[Stored entries]
=== Begin Enclosure ===

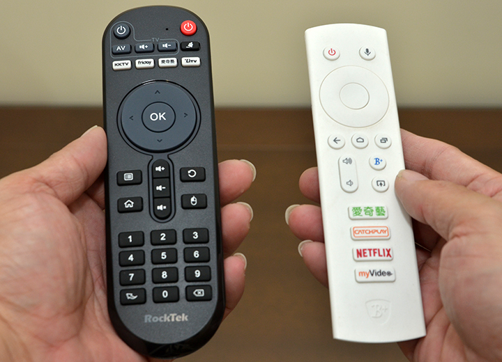 ▲ 兩者遙控器大致雷同,圓盤式方向鍵、返回、首頁、電源、選項、音量等按鍵,另外配置 KKTV、friDay、愛奇藝、LiTV快速啟動鍵,想追劇、看影片,會更加方便!A3+還多數字鍵與可切換滑鼠。
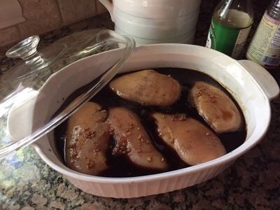 At the top of that collection is my mother’s marinade, a recipe now more than five decades old, for chicken. Raw chicken (breast, thigh, wing or drumstick) and three main ingredients combine for a foolproof meal. Marinate for at least an hour, the longer the better (even overnight works well), then bake or barbecue, and you’ll have a richly flavored but not overpowering dish. Double this recipe and you’ve got a wonderful chicken over greens or yummy sandwiches on artisan bread to serve another night.
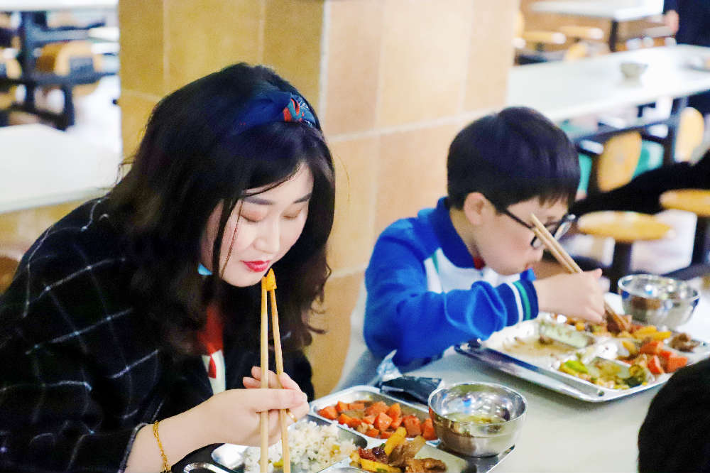 餐厅整洁明亮,环境干净卫生。已消毒的餐具整齐摆放在每个窗口。步入食堂操作间,家长们目睹食堂工作人员身着洁净工作服、戴着专用工作帽、全程佩戴口罩和手套,技艺娴熟却又严格按照食堂操作流程精心准备孩子们的饭菜。为让每个孩子都吃得营养、吃得安全、吃得健康,食堂工作人员每天重复着这些看似简单操作,却因心怀每个孩子吃饱吃好吃健康而乐此不疲。
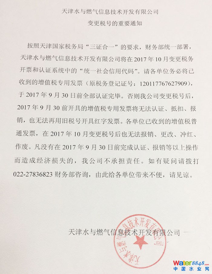 按照天津國家稅務局“三證合一”的要求,財務部統(tǒng)一部署,天津水與燃氣信息技術開發(fā)有限公司將在2017年10月變更稅務開票和認證系統(tǒng)中的“統(tǒng)一社會信用代碼”。請各單位務必將已收到的增值稅專用發(fā)票(原稅務登記證號:120117767627909),于2017年9月30日前全部認證完畢。否則我公司變更稅號后,2017年9月30前開具的增值稅專用發(fā)票將無法認證、抵扣、報銷,也無法再用舊稅號開具紅字發(fā)票。各單位已收到的增值稅普通發(fā)票,在2017年10月變更稅號后也無法報銷、更改、沖紅、作廢。凡沒有在2017年9月30日前完成認證、報銷等以上操作而造成經(jīng)濟損失的,我公司不承擔責任。如有疑問請撥打022-27836823財務部咨詢,由此給各單位帶來不便,請見諒。
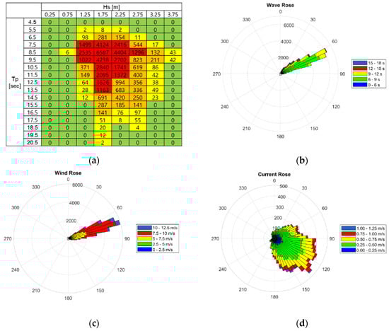 Wave scatter diagram, where numbers in the diagram are occurrence (a), wave rose (b), wind rose (c), and current rose values (d) (longitude: −56 degrees E; latitude: 10 degrees N; it is from this direction that waves, winds, and currents are coming, and all directions are measured clockwise from the north).
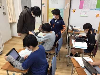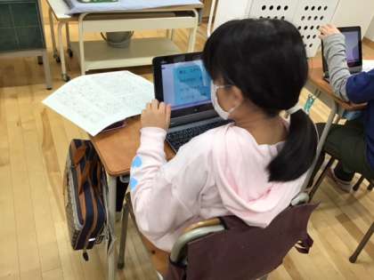 総合的な学習の時間です。縦書きの文章を横書きに、横書きの文章を縦書きに直すトレーニング中です。
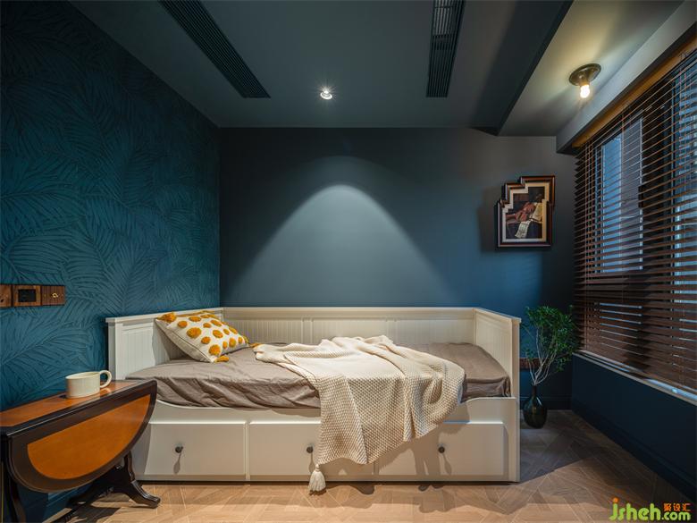 次卧延续东南亚风的壁纸装饰,通刷沉稳湛蓝色墙漆,床头床尾分别预留边几和书桌空间,短期做临时客房,未来根据需要再置换双人床或上下床。
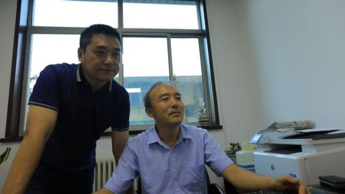 尚小琦和薛贵东在观看港珠澳大桥通车新闻
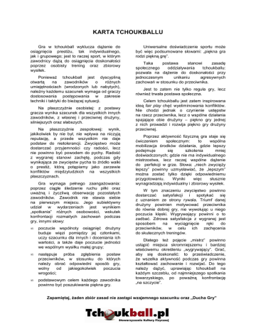 KARTA TCHOUKBALLU Gra w tchoukball wyklucza dążenie do osiągnięcia prestiżu, tak indywidualnego, jak i grupowego; jest to raczej sport, w którym zawodnicy dążą do osiągnięcia doskonałości poprzez osobisty trening oraz zbiorowy wysiłek. Ponieważ tchoukball jest dyscypliną otwartą na zawodników o różnych umiejętnościach (wrodzonych lub nabytych), należny każdemu szacunek wymaga od graczy dostosowania postępowania w zakresie techniki i taktyki do bieżącej sytuacji. Na płaszczyźnie osobistej: z postawy gracza wynika szacunek dla wszystkich innych zawodników, z własnej i przeciwnej drużyny, silniejszych oraz słabszych. Na płaszczyźnie zespołowej: wynik, jakikolwiek by nie był, nie wpływa na niczyją reputację, a przede wszystkim nie daje podstaw do nietolerancji. Zwycięstwo może dostarczać przyjemności czy radości, lecz nie powinno być powodem do pychy. Radość z wygranej stanowi zachętę, podczas gdy wynikająca ze zwycięstw pycha to źródło walki o prestiż, którą potępiamy jako zarzewie konfliktów międzyludzkich na wszystkich płaszczyznach. Gra wymaga pełnego zaangażowania: poprzez ciągłe śledzenie ruchu piłki oraz uważną i życzliwą obserwację pozostałych zawodników. Zawodnik nie stawia siebie na pierwszym miejscu. Jego subiektywny udział w wydarzeniach jest wynikiem „spotkania” różnych osobowości, wskutek konfrontacji rozmaitych zachowań podczas gry, innymi słowy: • poczucie wspólnoty osiągnięć drużyny buduje więzi pomiędzy jej członkami, uczy szacunku dla innych i doceniania ich wartości, a także daje poczucie jedności we wspólnym wysiłku małej grupy; • następuje próba zgłębienia postaw przeciwników, w stosunku do których należy obrać odpowiedni sposób gry, wolny od jakiegokolwiek poczucia wrogości; • podstawowym celem każdego zawodnika powinno być poszukiwanie piękna gry. Uniwersalne doświadczenie sportu może być więc podsumowane słowami: „piękna gra rodzi piękną grę”. Taka postawa stanowi zasadę społecznego oddziaływania tchoukballu: pozwala na dążenie do doskonałości przy jednoczesnym unikaniu agresywnych zachowań w stosunku do przeciwnika. Jest to zatem nie tylko reguła gry, lecz również trwała postawa społeczna. Celem tchoukballu jest zatem inspirowana ideą fair play chęć wyeliminowania konfliktów. Nie chodzi jednak o czynienie ustępstw na rzecz przeciwnika, lecz o wspólne działania spajające obie drużyny – piękno gry jednej z nich prowadzi i rozwija piękno gry drużyny przeciwnej. Poprzez aktywność fizyczną gra staje się ćwiczeniem społecznym: to wspólna mobilizacja środków działania, gdzie lepszy podejmuje się szkolenia mniej doświadczonych; gdzie nie ma indywidualnego mistrzostwa, lecz raczej wspólne dążenie do perfekcji w grze. Słowa: „niech zwycięży lepszy” powinny uzmysławiać, że „lepszym” można zostać tylko dzięki odpowiedniemu przygotowaniu. Wyniki więc słusznie wynagradzają indywidualny i zbiorowy wysiłek. W tym znaczeniu zwycięstwo powinno dostarczać satysfakcji i spotykać się z uznaniem ze strony rywala. Triumf danej drużyny powinien motywować przeciwnika do równie dobrej gry, nie wywołując u niego poczucia klęski. Wygrywający powinni o to zadbać. Zdrowa satysfakcja z wygranej jest sposobem na wyciągnięcie ręki do przeciwników, w celu ich zachęcenia do skutecznych treningów. Dlatego też pojęcie „mistrz” powinno ustąpić miejsca skromniejszemu i bardziej właściwemu określeniu „wygrywający”. Grać, aby się doskonalić: to przeświadczenie, że wszelka aktywność podczas gry powinna kształtować zachowanie i rozwijać. Do tego należy dążyć, uprawiając tchoukball na każdym szczeblu, od najmniejszego spotkania towarzyskiego, po poważną konfrontację „na szczycie”. Zapamiętaj, żaden zbiór zasad nie zastąpi wzajemnego szacunku oraz „Ducha Gry”
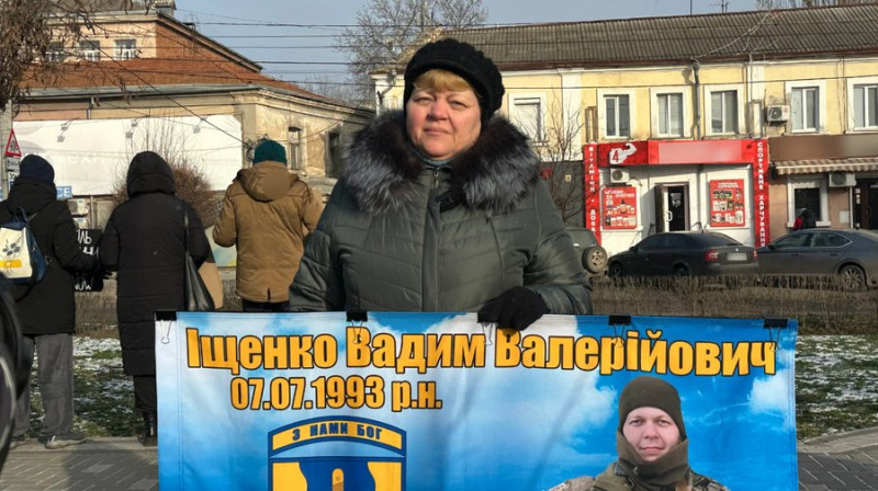 Переселенка з Херсона Любов прийшла разом з чоловіком на акцію-нагадування про полонених та безвісти зниклих військових аби нагадати про свого сина. Він зник влітку 2025.

=== End Enclosure ===

Exercise goal:
Restate the entries above word for word, and keep the pictures out.

Result below:
 ▲ 兩者遙控器大致雷同,圓盤式方向鍵、返回、首頁、電源、選項、音量等按鍵,另外配置 KKTV、friDay、愛奇藝、LiTV快速啟動鍵,想追劇、看影片,會更加方便!A3+還多數字鍵與可切換滑鼠。
 At the top of that collection is my mother’s marinade, a recipe now more than five decades old, for chicken. Raw chicken (breast, thigh, wing or drumstick) and three main ingredients combine for a foolproof meal. Marinate for at least an hour, the longer the better (even overnight works well), then bake or barbecue, and you’ll have a richly flavored but not overpowering dish. Double this recipe and you’ve got a wonderful chicken over greens or yummy sandwiches on artisan bread to serve another night.
 餐厅整洁明亮,环境干净卫生。已消毒的餐具整齐摆放在每个窗口。步入食堂操作间,家长们目睹食堂工作人员身着洁净工作服、戴着专用工作帽、全程佩戴口罩和手套,技艺娴熟却又严格按照食堂操作流程精心准备孩子们的饭菜。为让每个孩子都吃得营养、吃得安全、吃得健康,食堂工作人员每天重复着这些看似简单操作,却因心怀每个孩子吃饱吃好吃健康而乐此不疲。
 按照天津國家稅務局“三證合一”的要求,財務部統(tǒng)一部署,天津水與燃氣信息技術開發(fā)有限公司將在2017年10月變更稅務開票和認證系統(tǒng)中的“統(tǒng)一社會信用代碼”。請各單位務必將已收到的增值稅專用發(fā)票(原稅務登記證號:120117767627909),于2017年9月30日前全部認證完畢。否則我公司變更稅號后,2017年9月30前開具的增值稅專用發(fā)票將無法認證、抵扣、報銷,也無法再用舊稅號開具紅字發(fā)票。各單位已收到的增值稅普通發(fā)票,在2017年10月變更稅號后也無法報銷、更改、沖紅、作廢。凡沒有在2017年9月30日前完成認證、報銷等以上操作而造成經(jīng)濟損失的,我公司不承擔責任。如有疑問請撥打022-27836823財務部咨詢,由此給各單位帶來不便,請見諒。
 Wave scatter diagram, where numbers in the diagram are occurrence (a), wave rose (b), wind rose (c), and current rose values (d) (longitude: −56 degrees E; latitude: 10 degrees N; it is from this direction that waves, winds, and currents are coming, and all directions are measured clockwise from the north).
 総合的な学習の時間です。縦書きの文章を横書きに、横書きの文章を縦書きに直すトレーニング中です。
 次卧延续东南亚风的壁纸装饰,通刷沉稳湛蓝色墙漆,床头床尾分别预留边几和书桌空间,短期做临时客房,未来根据需要再置换双人床或上下床。
 尚小琦和薛贵东在观看港珠澳大桥通车新闻
 KARTA TCHOUKBALLU Gra w tchoukball wyklucza dążenie do osiągnięcia prestiżu, tak indywidualnego, jak i grupowego; jest to raczej sport, w którym zawodnicy dążą do osiągnięcia doskonałości poprzez osobisty trening oraz zbiorowy wysiłek. Ponieważ tchoukball jest dyscypliną otwartą na zawodników o różnych umiejętnościach (wrodzonych lub nabytych), należny każdemu szacunek wymaga od graczy dostosowania postępowania w zakresie techniki i taktyki do bieżącej sytuacji. Na płaszczyźnie osobistej: z postawy gracza wynika szacunek dla wszystkich innych zawodników, z własnej i przeciwnej drużyny, silniejszych oraz słabszych. Na płaszczyźnie zespołowej: wynik, jakikolwiek by nie był, nie wpływa na niczyją reputację, a przede wszystkim nie daje podstaw do nietolerancji. Zwycięstwo może dostarczać przyjemności czy radości, lecz nie powinno być powodem do pychy. Radość z wygranej stanowi zachętę, podczas gdy wynikająca ze zwycięstw pycha to źródło walki o prestiż, którą potępiamy jako zarzewie konfliktów międzyludzkich na wszystkich płaszczyznach. Gra wymaga pełnego zaangażowania: poprzez ciągłe śledzenie ruchu piłki oraz uważną i życzliwą obserwację pozostałych zawodników. Zawodnik nie stawia siebie na pierwszym miejscu. Jego subiektywny udział w wydarzeniach jest wynikiem „spotkania” różnych osobowości, wskutek konfrontacji rozmaitych zachowań podczas gry, innymi słowy: • poczucie wspólnoty osiągnięć drużyny buduje więzi pomiędzy jej członkami, uczy szacunku dla innych i doceniania ich wartości, a także daje poczucie jedności we wspólnym wysiłku małej grupy; • następuje próba zgłębienia postaw przeciwników, w stosunku do których należy obrać odpowiedni sposób gry, wolny od jakiegokolwiek poczucia wrogości; • podstawowym celem każdego zawodnika powinno być poszukiwanie piękna gry. Uniwersalne doświadczenie sportu może być więc podsumowane słowami: „piękna gra rodzi piękną grę”. Taka postawa stanowi zasadę społecznego oddziaływania tchoukballu: pozwala na dążenie do doskonałości przy jednoczesnym unikaniu agresywnych zachowań w stosunku do przeciwnika. Jest to zatem nie tylko reguła gry, lecz również trwała postawa społeczna. Celem tchoukballu jest zatem inspirowana ideą fair play chęć wyeliminowania konfliktów. Nie chodzi jednak o czynienie ustępstw na rzecz przeciwnika, lecz o wspólne działania spajające obie drużyny – piękno gry jednej z nich prowadzi i rozwija piękno gry drużyny przeciwnej. Poprzez aktywność fizyczną gra staje się ćwiczeniem społecznym: to wspólna mobilizacja środków działania, gdzie lepszy podejmuje się szkolenia mniej doświadczonych; gdzie nie ma indywidualnego mistrzostwa, lecz raczej wspólne dążenie do perfekcji w grze. Słowa: „niech zwycięży lepszy” powinny uzmysławiać, że „lepszym” można zostać tylko dzięki odpowiedniemu przygotowaniu. Wyniki więc słusznie wynagradzają indywidualny i zbiorowy wysiłek. W tym znaczeniu zwycięstwo powinno dostarczać satysfakcji i spotykać się z uznaniem ze strony rywala. Triumf danej drużyny powinien motywować przeciwnika do równie dobrej gry, nie wywołując u niego poczucia klęski. Wygrywający powinni o to zadbać. Zdrowa satysfakcja z wygranej jest sposobem na wyciągnięcie ręki do przeciwników, w celu ich zachęcenia do skutecznych treningów. Dlatego też pojęcie „mistrz” powinno ustąpić miejsca skromniejszemu i bardziej właściwemu określeniu „wygrywający”. Grać, aby się doskonalić: to przeświadczenie, że wszelka aktywność podczas gry powinna kształtować zachowanie i rozwijać. Do tego należy dążyć, uprawiając tchoukball na każdym szczeblu, od najmniejszego spotkania towarzyskiego, po poważną konfrontację „na szczycie”. Zapamiętaj, żaden zbiór zasad nie zastąpi wzajemnego szacunku oraz „Ducha Gry”
 Переселенка з Херсона Любов прийшла разом з чоловіком на акцію-нагадування про полонених та безвісти зниклих військових аби нагадати про свого сина. Він зник влітку 2025.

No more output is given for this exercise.